** Opening TASK DATA block **
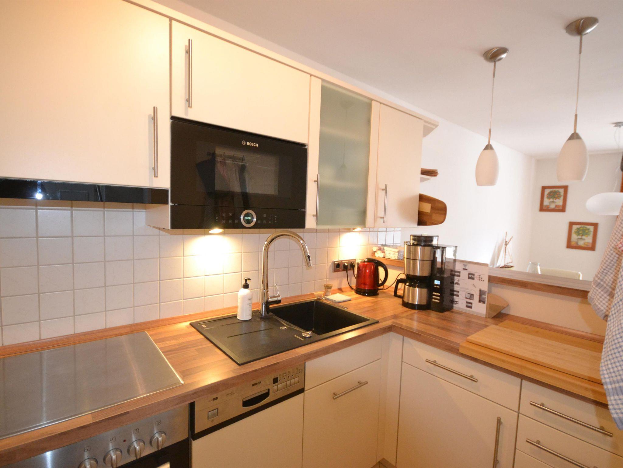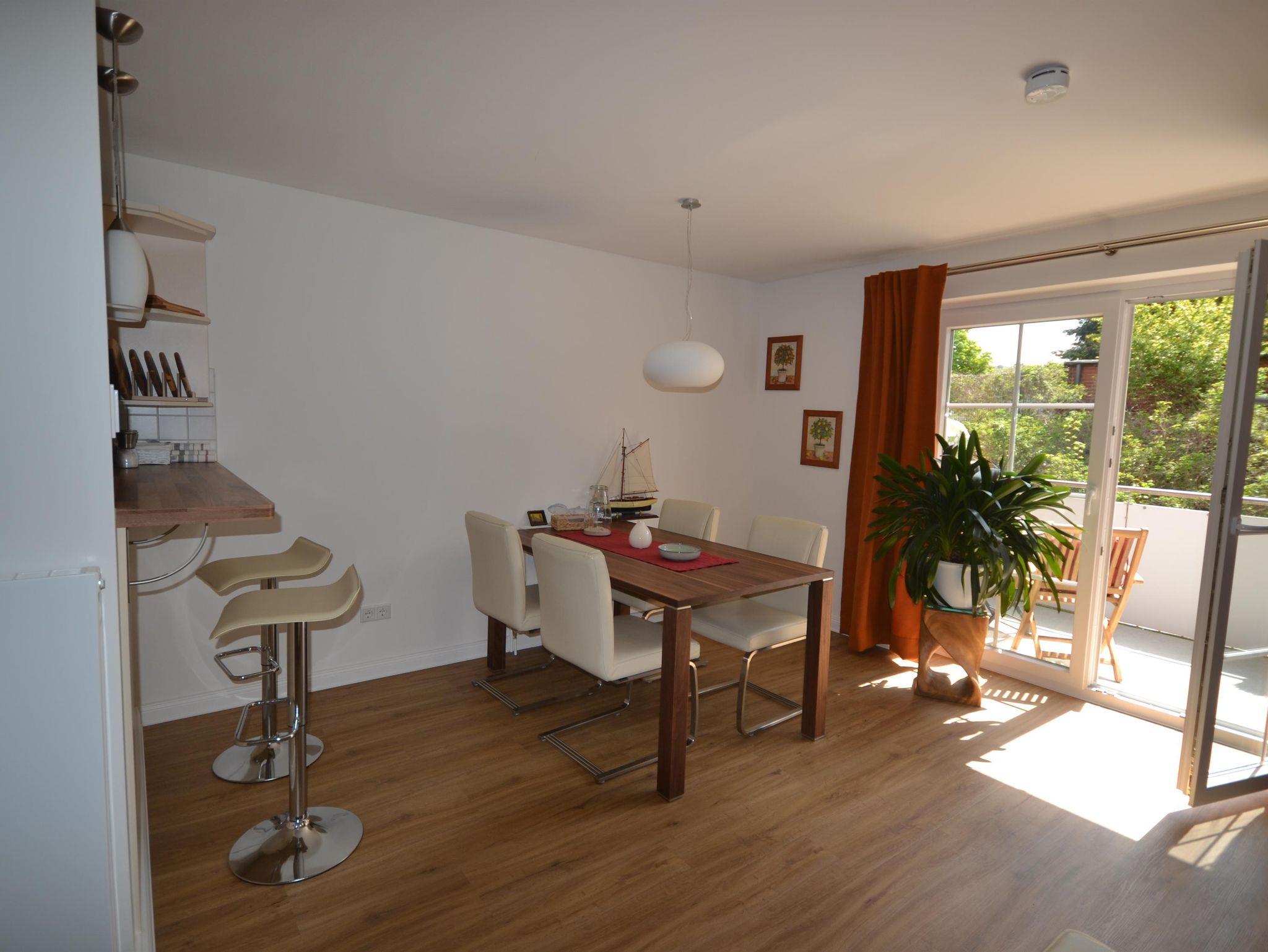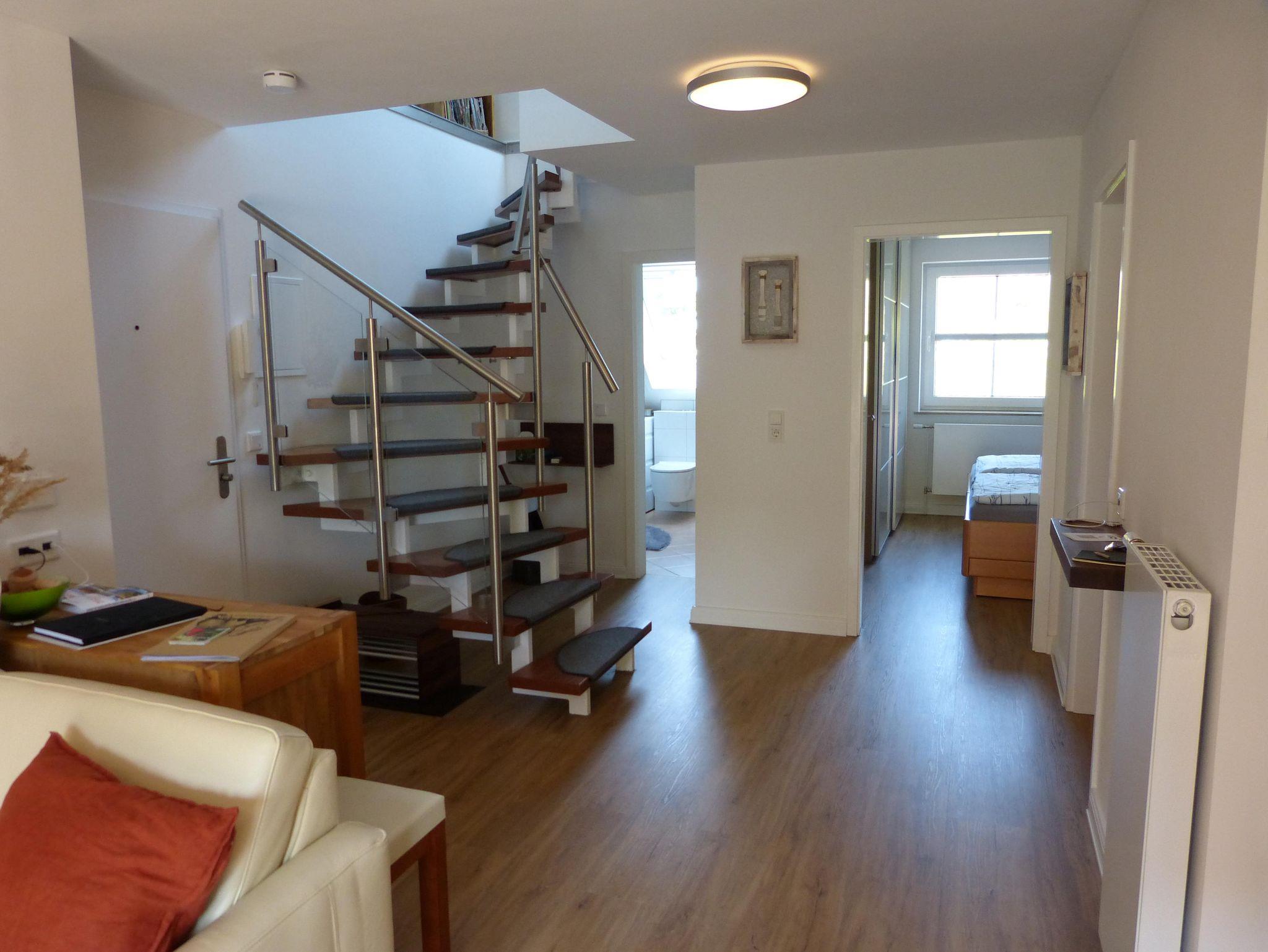 Die Ferienwohnung verfügt über ein großzügiges Wohnzimmer mit integrierter Küche, die mit einem Tresen vom Wohnbereich abgetrennt ist. Ein Schlafzimmer mit einem Doppelbett und das Badezimmer befinden sich auf der gleichen Etage, ein weiteres Schlafzimmer befindet sich im oberen Wohnbereich. Die Ferienwohnung mit großem Balkon ist komfortabel ausgestattet, sie verfügt über alle Annehmlichkeiten, die Sie in Ihrem Urlaub zur Erholung brauchen. Wir freuen uns auf Sie!
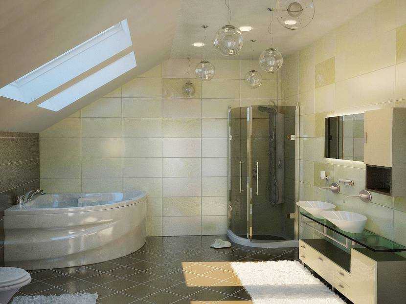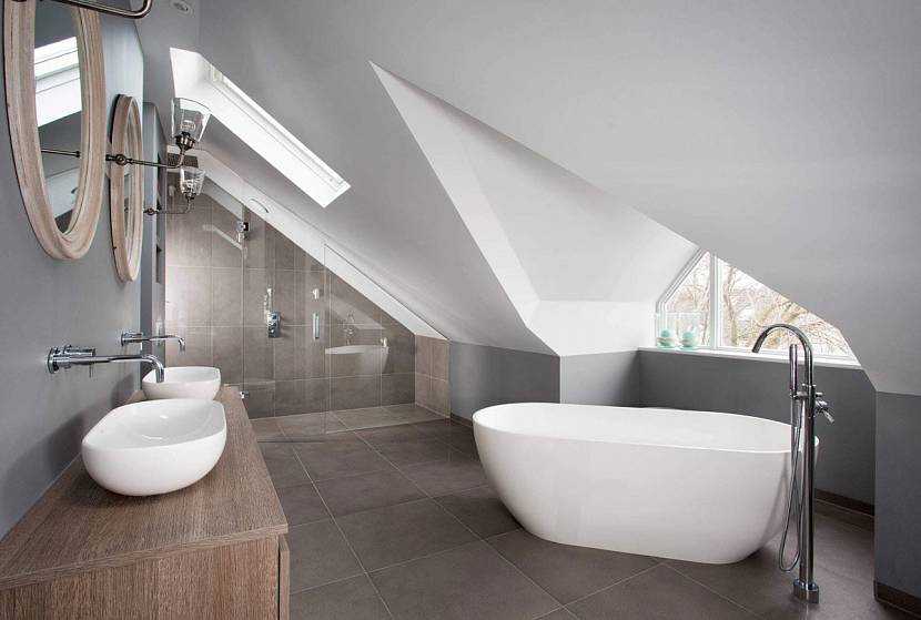 Минималистический стиль ванной комнаты на чердакеИсточник yandex.net
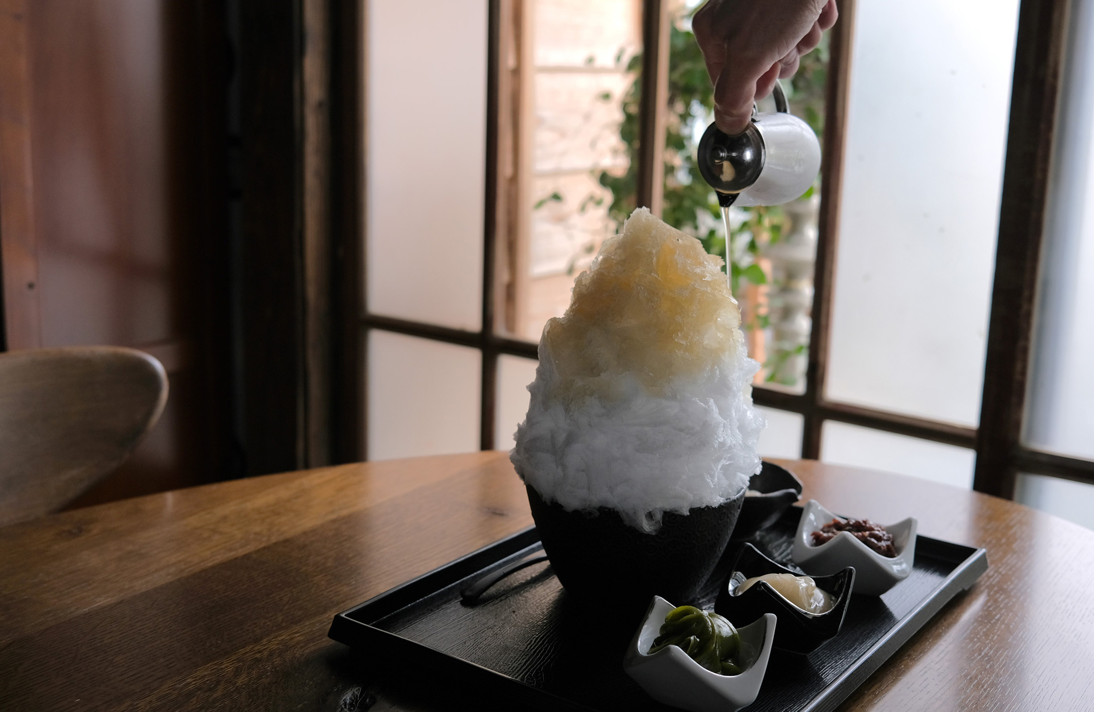 スプーンに載せたかき氷を、一口。その瞬間、瞳孔が開いたと思う。ふんわりまろやかな氷が舌に触れ、しっとりと溶ける。それは祭りで食べる、シャリシャリのかき氷とはまるで違う、新感覚だ。
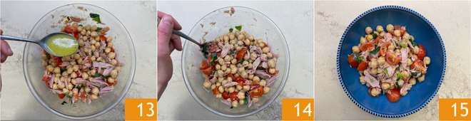 Assaisonnez la salade 13, mélangez 14 et servez. Votre salade de pois chiches et thon est prête à être servie 15.
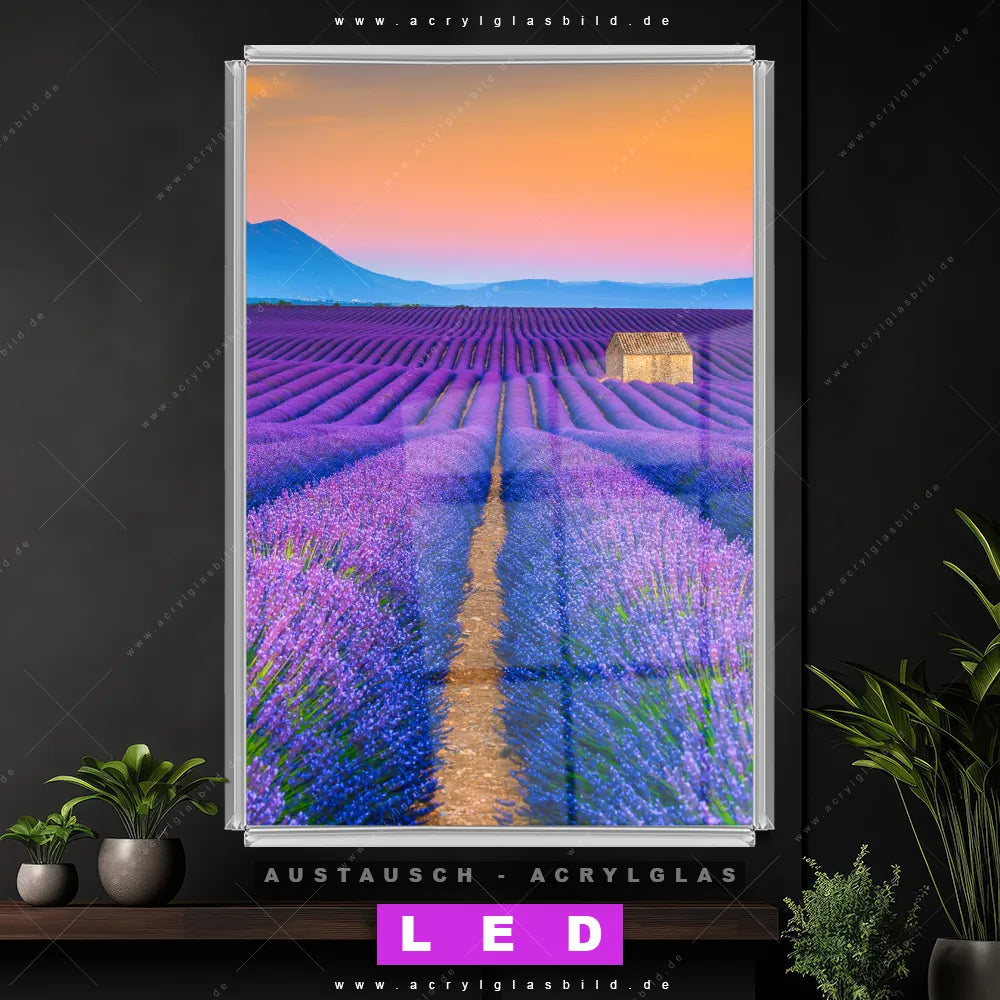 Wechsel-Acrylglas Canvalight® DIA | Lavendel Blumen Feld | Hochformat
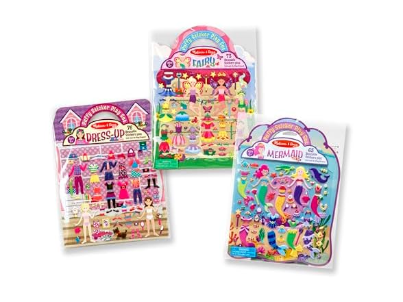 Melissa & Doug Puffy Sticker Pads Set: Fairy, Dress-Up, and Mermaid - 216 Reusable Stickers
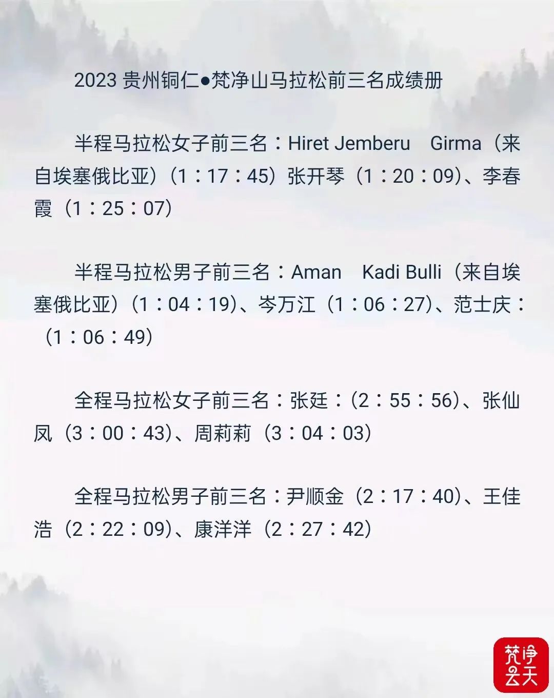 屡破纪录!2023贵州铜仁·梵净山马拉松成绩出炉
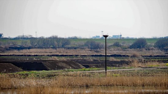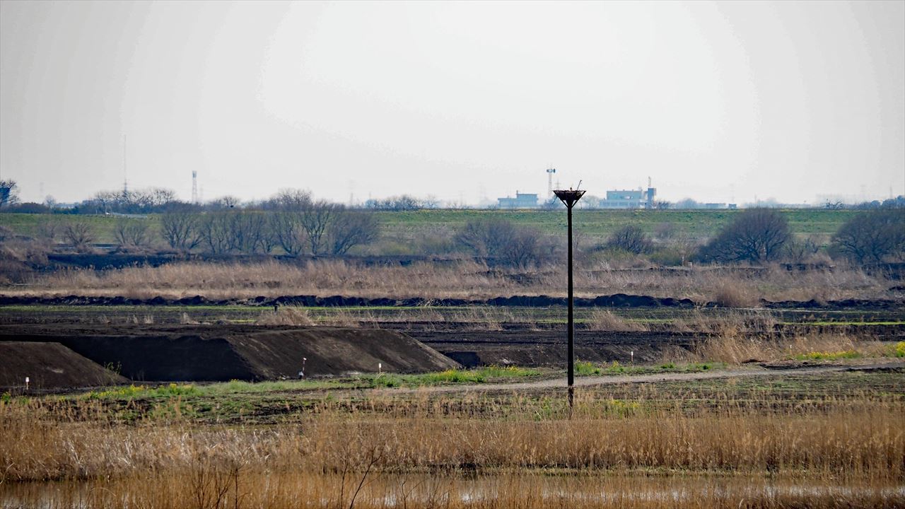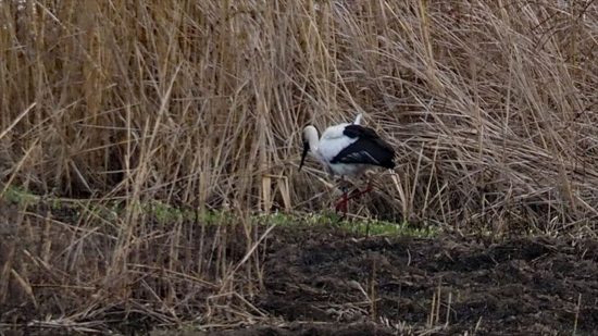 コウノトリ。土手にはカメラマンが三脚を立ててシャッターチャンスを狙っていました。
** Closing TASK DATA block **
# ASSIGNED TASK
Find the line with "スプーンに載せたかき氷を、一". Return it and each line after it through the end of the data, exactly, without pictures.

# WRITTEN SOLUTION
 スプーンに載せたかき氷を、一口。その瞬間、瞳孔が開いたと思う。ふんわりまろやかな氷が舌に触れ、しっとりと溶ける。それは祭りで食べる、シャリシャリのかき氷とはまるで違う、新感覚だ。
 Assaisonnez la salade 13, mélangez 14 et servez. Votre salade de pois chiches et thon est prête à être servie 15.
 Wechsel-Acrylglas Canvalight® DIA | Lavendel Blumen Feld | Hochformat
 Melissa & Doug Puffy Sticker Pads Set: Fairy, Dress-Up, and Mermaid - 216 Reusable Stickers
 屡破纪录!2023贵州铜仁·梵净山马拉松成绩出炉
 コウノトリ。土手にはカメラマンが三脚を立ててシャッターチャンスを狙っていました。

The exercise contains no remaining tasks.